A short guide to hereditary diffuse gastric cancer

Abstract

Hereditary diffuse gastric cancer (HDGC) is the only known predisposition syndrome dominated by carcinoma of the stomach and with a recognised genetic cause. Germline mutations in the E-cadherin gene (CDH1) co-segregate with the disease in about half of the families with multiple diffuse gastric cancer. In these families, identification of the CDH1 mutation allows for clinical measures to be taken. Importantly, clinical intervention is likely to be therapeutic and associated with tolerable morbidity. This review is thus aimed at providing a current overview of the clinical management and the underlying biology of HDGC.

Figure 1

Early tumour stages in HDGC: A – normal gastric body mucosa; B – the first apparent disease stage in HDGC is multiple, minute foci of SRCC confined to the gastric mucosa (stage T1a).
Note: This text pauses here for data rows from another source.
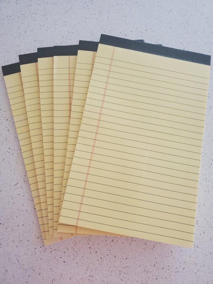 [WIDE RANGE OF APPLICATIONS]: Perforated edge yellow legal notepads for everyday writing is good for students, teachers waitress, home, school or office, business, restaurants and more. You can use yellow notebook pad 5x8 create reminders, to do lists, notes. Take your grocery list with you on the go or stash that to-do in your pocket. There are measures small notebooks writing pads 5x8 in, 6pcs in a pack and 30 sheet per yellow notepad, so you always have one available when it's needed.
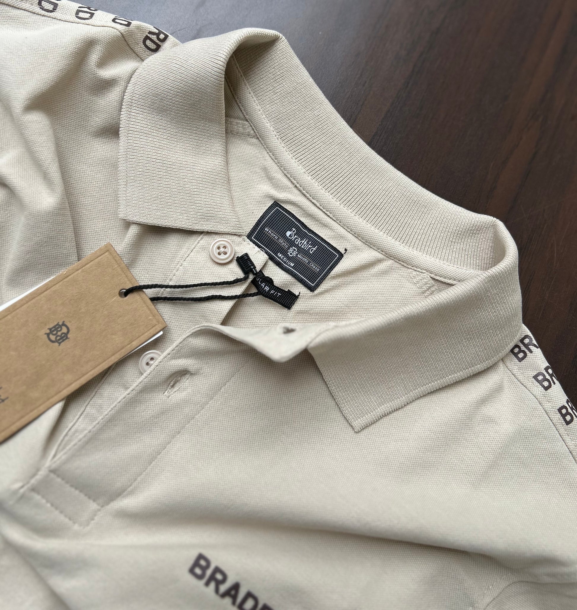 Crafted from premium matty fabric, this cream-colored collar t-shirt blends comfort with clean, urban style. Featuring a structured fit and signature Bradbird branding boldly placed on the sleeves, it’s made for those who like to keep it subtle yet stand out.
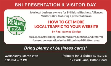 Join local business owners for an energetic networking event and a practical presentation on how to get more local traffic to your website. During this Visitor’s Day meeting of BNI Island Business Alliances, you’ll connect with growth-minded professionals and learn specific ways to make your business easier to find online.

SRCs are the predominant cell type in these tumours, are typically located in the superficial mucosa underneath an intact surface epithelium and are mitotically inactive. Less differentiated and proliferating cancer cells are found in small numbers deep to the SRCs and are physically close to the gastric neck region; C – larger foci can acquire an increased amount of poorly differentiated cancer cells. These cells often have a fibroblastoid appearance consistent with an induction of an epithelial-mesenchymal transition; D – invasion through the muscularis mucosae and muscularis propria involves poorly and de-differentiated cancer cells. While the proliferative activity of stage T1a cancers is very low, more advanced cancers (≥ T1b) have a markedly increased proliferation rate.